Investigational Sarcoma Drug GPX-150 Gets Orphan Drug Designation

January 13, 2016

The FDA granted orphan drug designation for a developmental agent known as GPX-150, an analog of doxorubicin currently being tested for use in advanced or metastatic soft-tissue sarcoma.

The US Food and Drug Administration (FDA) granted orphan drug designation for a developmental agent known as GPX-150, an analog of doxorubicin currently being tested for use in advanced or metastatic soft-tissue sarcoma.

Arthur Klausner, CEO of GPX-150’s developer Gem Pharmaceuticals, said in a press release that the agent “has demonstrated intriguing pharmacological activity in sarcoma patients in our ongoing, open-label, phase II clinical study.”

The new agent is modified in two locations on the molecule in an effort to reduce the cardiotoxicity commonly associated with doxorubicin. A phase I trial was conducted earlier and results were published in June 2015, in patients with different types of metastatic solid tumors.
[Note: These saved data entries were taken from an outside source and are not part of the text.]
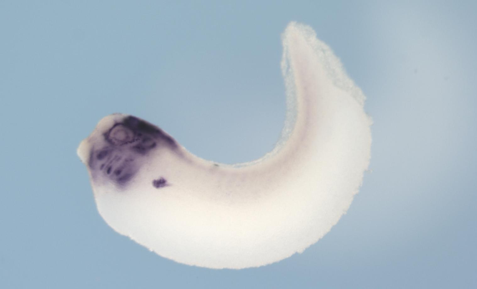 Larger Image irx2 (iroquois homeobox 2) gene expression in Xenopus laevis embryo, assayed via in situ hybridization, NF stage 33 & 34, lateral view, anterior left, dorsal up. Copyright © Soeren S Lienkamp Image created by: Soeren S Lienkamp
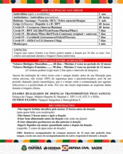 • Não fumar duas horas antes e após a doação;
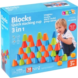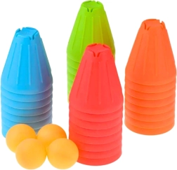 Ta spretnostna in izobraževalna igra ponuja neomejene možnosti gradnje in igre. Otroci lahko iz barvitih trikotnih lončkov ustvarjajo stolpe, piramide in poligone z ovirami, vadijo ravnotežje in natančnost ali pa z žogicami zadevajo izbrane tarče. Protidrseča površina z drobno perforacijo zagotavlja zanesljiv oprijem in stabilnost konstrukcij.
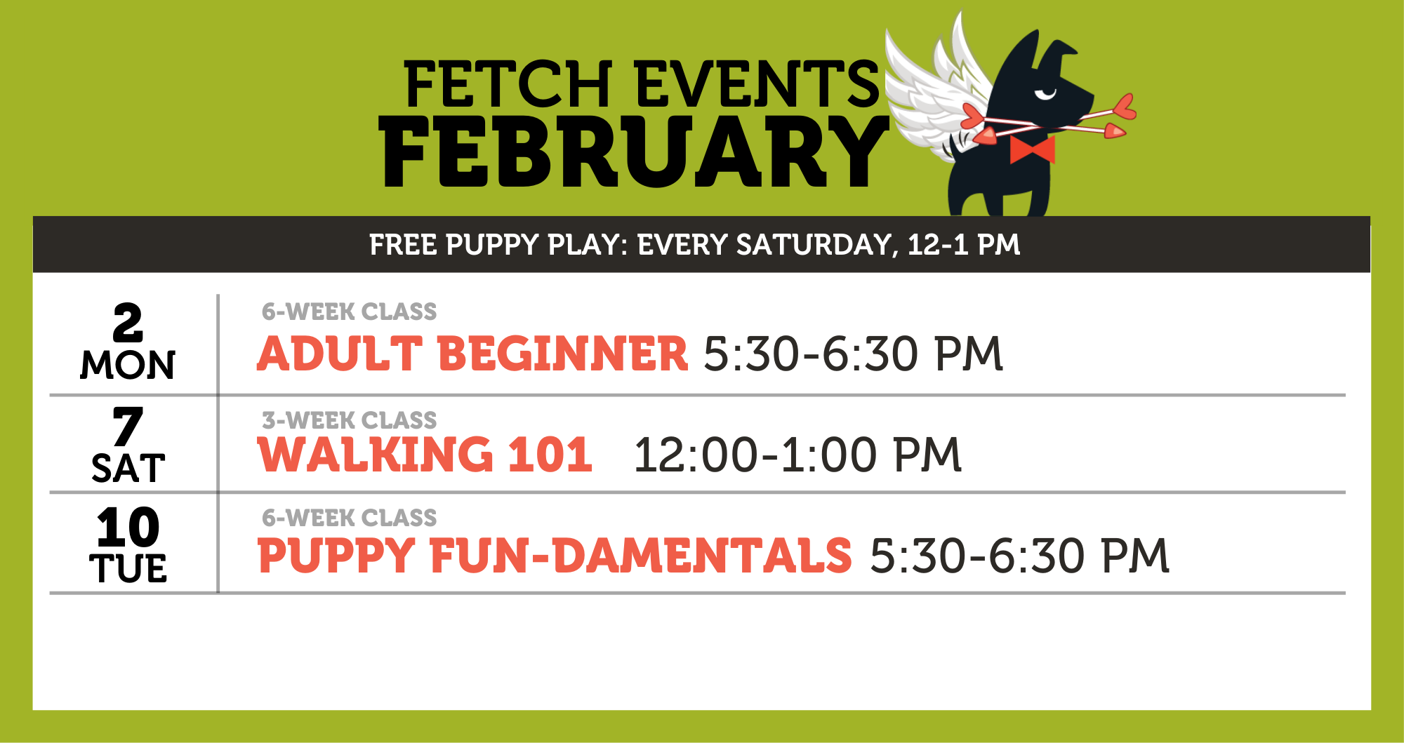 FREE PUPPY PLAY Saturday's from 12:00-1:00 p.m. Dates vary, please check our monthly calendar.

They received an infusion of GPX-150 at varying doses once every 21 days for up to 8 cycles.

That trial used an accelerated dose escalation format, and determined the maximum tolerated dose to be 265 mg/m2; at that level, five of six patients required a dose reduction due to neutropenia. Along with neutropenia, common adverse events included anemia, fatigue, and nausea, but no patients experienced cardiotoxicity while on the study drug. Four patients achieved stable disease, the best response in the study.
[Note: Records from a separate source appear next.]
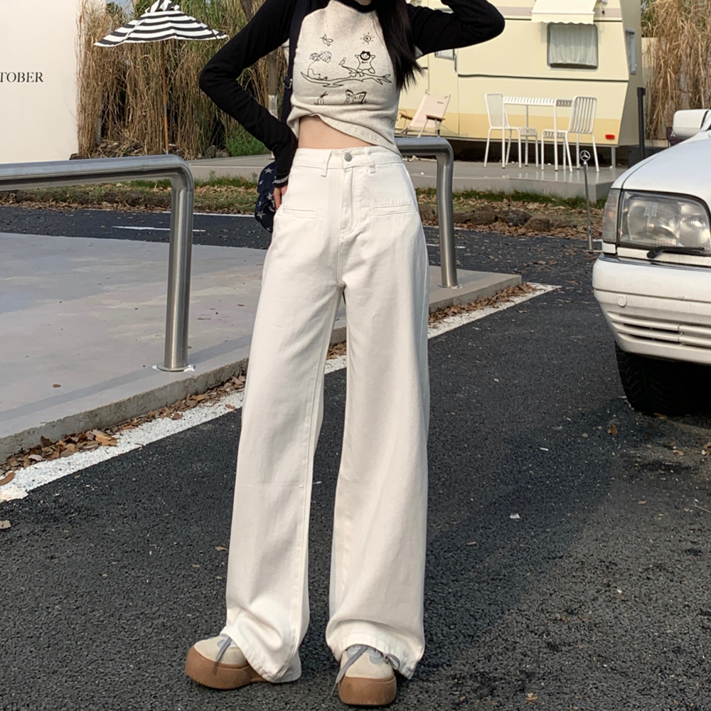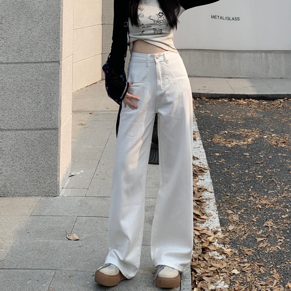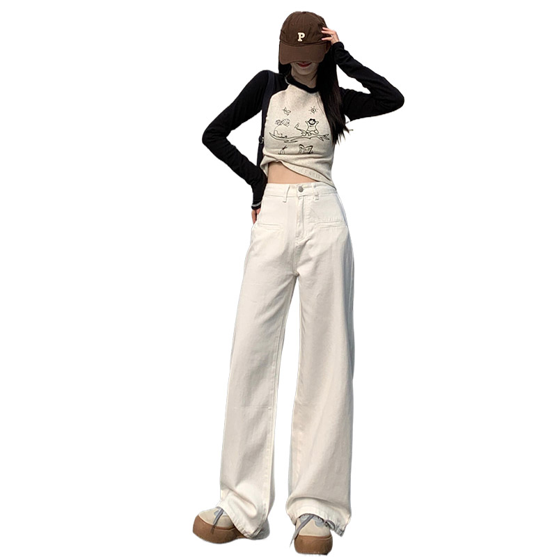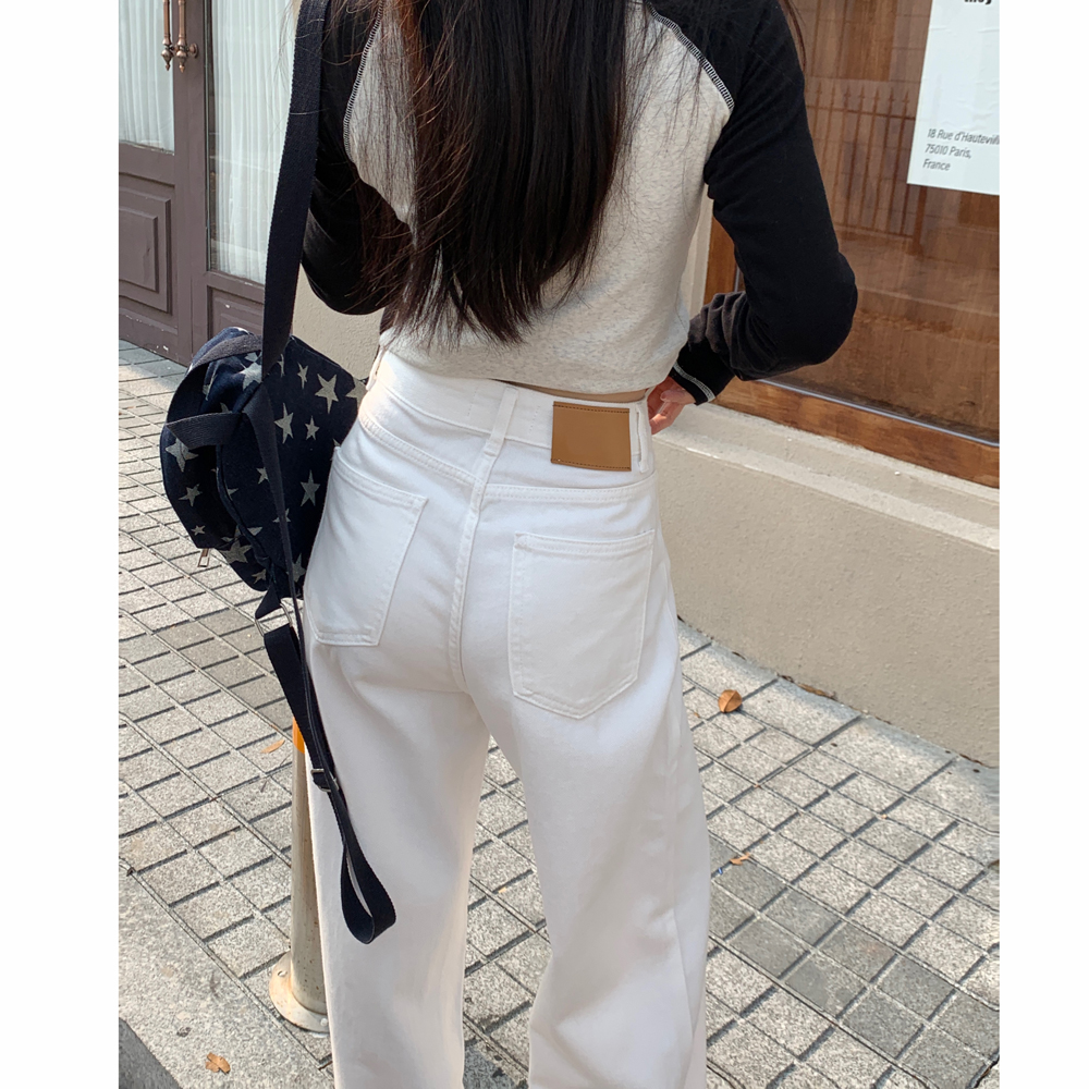 梨型直筒长裤 白色阔腿牛仔裤 高腰显瘦垂感美式 流行新款 女春夏新款
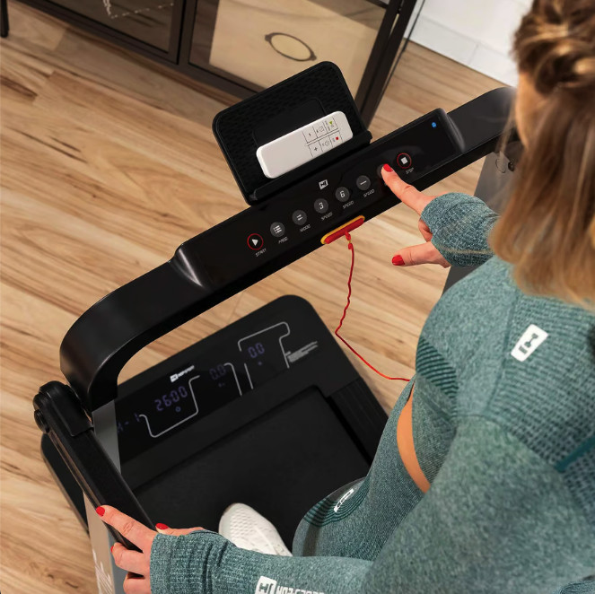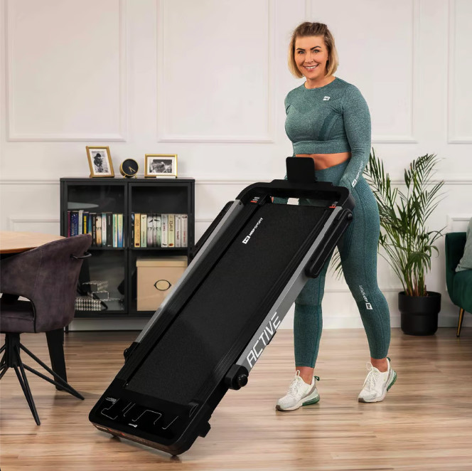 Для власників невеликих помешкань HS-1300WLB Active стане ідеальним вибором. Ця складна бігова доріжка легко складається у максимально компактний формат, завдяки чому не займає багато місця й може зберігатися:
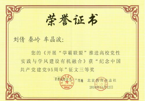 11月12日上午,由首都高校党建研究基地和北京教育杂志社主办的高校党建理论与实践工作创新论坛暨建党95周年征文表彰会在北京航空航天大学隆重召开。北京市委教育工委组织处处长李丽辉、首都高校党建研究基地、北京教育音像报刊总社、北京教育杂志社有关领导及来自全国高校等近40家单位的领导和代表参加论坛。我校组织部副部长李云山以及组织部、低端影视 相关人员参加了论坛。低端影视 党委副书记车晶波在论坛上作专题报告,介绍低端影视 基层学生党组织建设的工作创新。我校《开展“学霸联盟” 推进高校党性实践与学风建设的有机融合》荣获征文比赛三等奖。
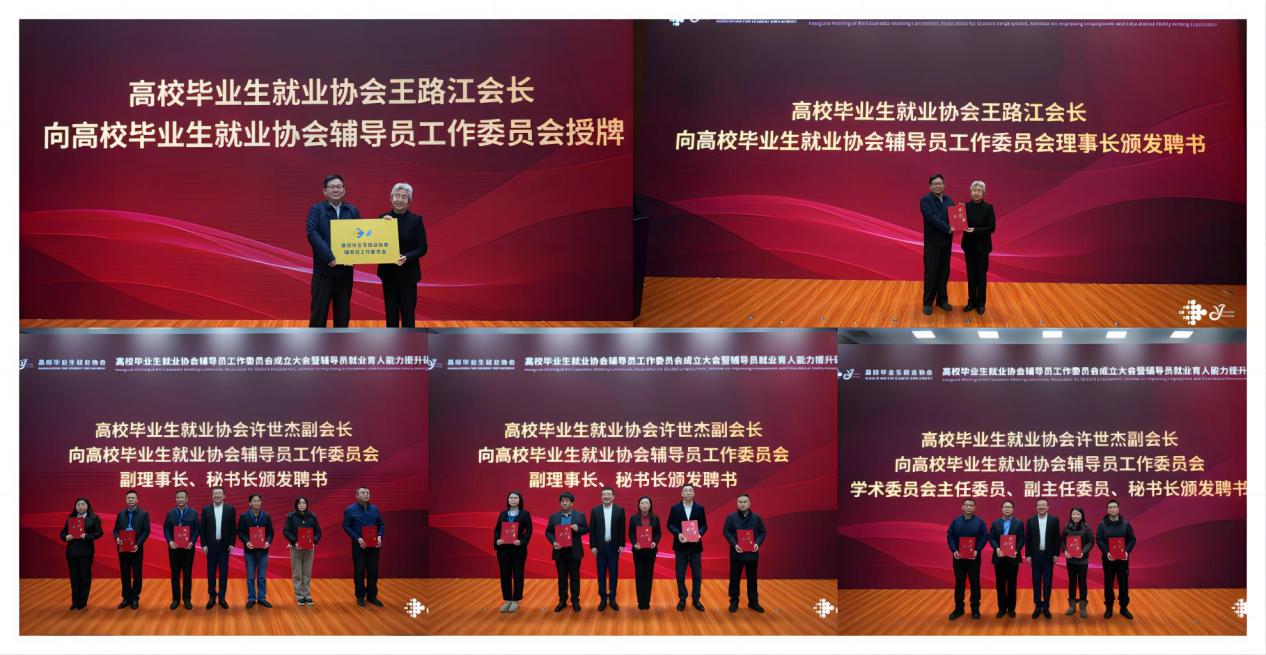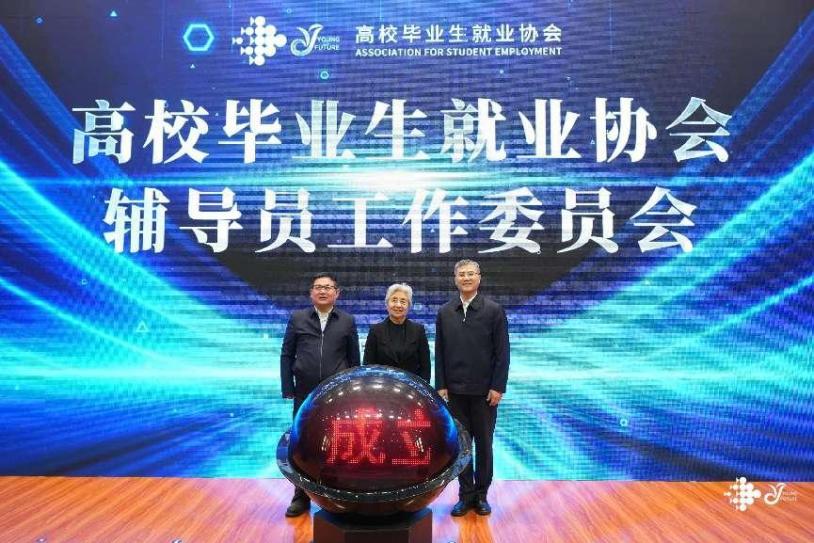王路江、张志坤、雒文虎在现场共同启动装置,标志着高校毕业生就业协会辅导员工作委员会正式成立。

As a result, the company began a phase II trial specifically in patients with soft-tissue sarcoma. That study is an open-label trial using the 265 mg/m2 dose level, again delivered as an infusion every 21 days for 16 cycles or until death, disease progression, or unacceptable toxicity. It was designed to include 22 patients, and the company says it is now fully enrolled with results expected by late 2016. The primary endpoint is progression-free survival at 12 months.

The orphan drug designation granted to GPX-150 is designed for agents targeting rare diseases or conditions. It qualifies the drug developer for tax incentives for clinical testing, exemption from prescription drug user fees, and reductions in FDA application fees.